11. The dual-timescale control method considering the control potential of industrial users according to claim 1, characterized in that, The step of constructing a day-ahead production planning model for optimizing and regulating the production plan of an industrial park, with the goal of minimizing the total operating cost of the industrial park under the constraint of satisfying the adjustable range of the industrial load potential, includes: constructing a day-ahead objective function by combining the partial blue bar optimization method with the goal of minimizing the total operating cost of the industrial park, and setting day-ahead constraints for the day-ahead objective function with the adjustable range of the industrial load potential as one of the constraints, thereby obtaining the day-ahead production planning model.

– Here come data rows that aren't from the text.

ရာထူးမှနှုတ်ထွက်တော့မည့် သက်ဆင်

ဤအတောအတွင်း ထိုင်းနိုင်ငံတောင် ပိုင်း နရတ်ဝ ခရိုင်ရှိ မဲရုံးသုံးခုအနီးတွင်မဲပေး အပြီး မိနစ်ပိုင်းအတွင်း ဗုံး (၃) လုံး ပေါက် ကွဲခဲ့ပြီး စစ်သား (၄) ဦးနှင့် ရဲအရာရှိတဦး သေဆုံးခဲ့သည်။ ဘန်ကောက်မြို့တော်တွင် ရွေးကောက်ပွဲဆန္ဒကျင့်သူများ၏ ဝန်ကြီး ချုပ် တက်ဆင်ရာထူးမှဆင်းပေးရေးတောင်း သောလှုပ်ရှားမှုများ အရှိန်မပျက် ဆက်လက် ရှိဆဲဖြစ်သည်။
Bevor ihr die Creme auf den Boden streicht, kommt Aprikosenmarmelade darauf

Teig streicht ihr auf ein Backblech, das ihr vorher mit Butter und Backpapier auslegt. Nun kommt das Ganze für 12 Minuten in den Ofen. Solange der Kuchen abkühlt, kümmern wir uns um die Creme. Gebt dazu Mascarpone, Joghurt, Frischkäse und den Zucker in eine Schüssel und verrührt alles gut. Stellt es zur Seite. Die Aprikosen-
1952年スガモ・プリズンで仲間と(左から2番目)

12. A dual-timescale control system considering the control potential of industrial users, used to execute the method according to any one of claims 1 to 11, characterized in that, include: The data acquisition module is used to acquire historical industrial load data and adjustable production equipment parameter information of users in the industrial park; The adjustable production equipment and related modeling module is used to establish an industrial load model for adjustable production equipment, establish the correlation between control incentives and adjustable production equipment based on the industrial load model, and construct a time series data input model for industrial user control potential. The regulation potential analysis module is used to input historical industrial load data into the industrial user regulation potential time series data input model. After obtaining the industrial user regulation potential time series input data, the regulation potential analysis is performed using the industrial load adjustable potential analysis model to obtain the adjustable range of industrial load potential. The control model construction module is used to construct a day-ahead production plan model for optimizing the control of the industrial park's production plan based on the adjustable production equipment parameter information, under the constraint of satisfying the adjustable range of the industrial load potential, with the goal of minimizing the total operating cost of the industrial park, and to construct an intraday control model for optimizing the control of the flexible adjustable production equipment with the goal of minimizing the total operating cost and power fluctuation of the industrial park. The dual-timescale control strategy intelligent generation module is used to construct day-ahead decision agents and intraday decision agents based on the day-ahead production planning model and the intraday control model, respectively, and then couple and interact to solve them to generate day-ahead-intraday coordinated control strategies.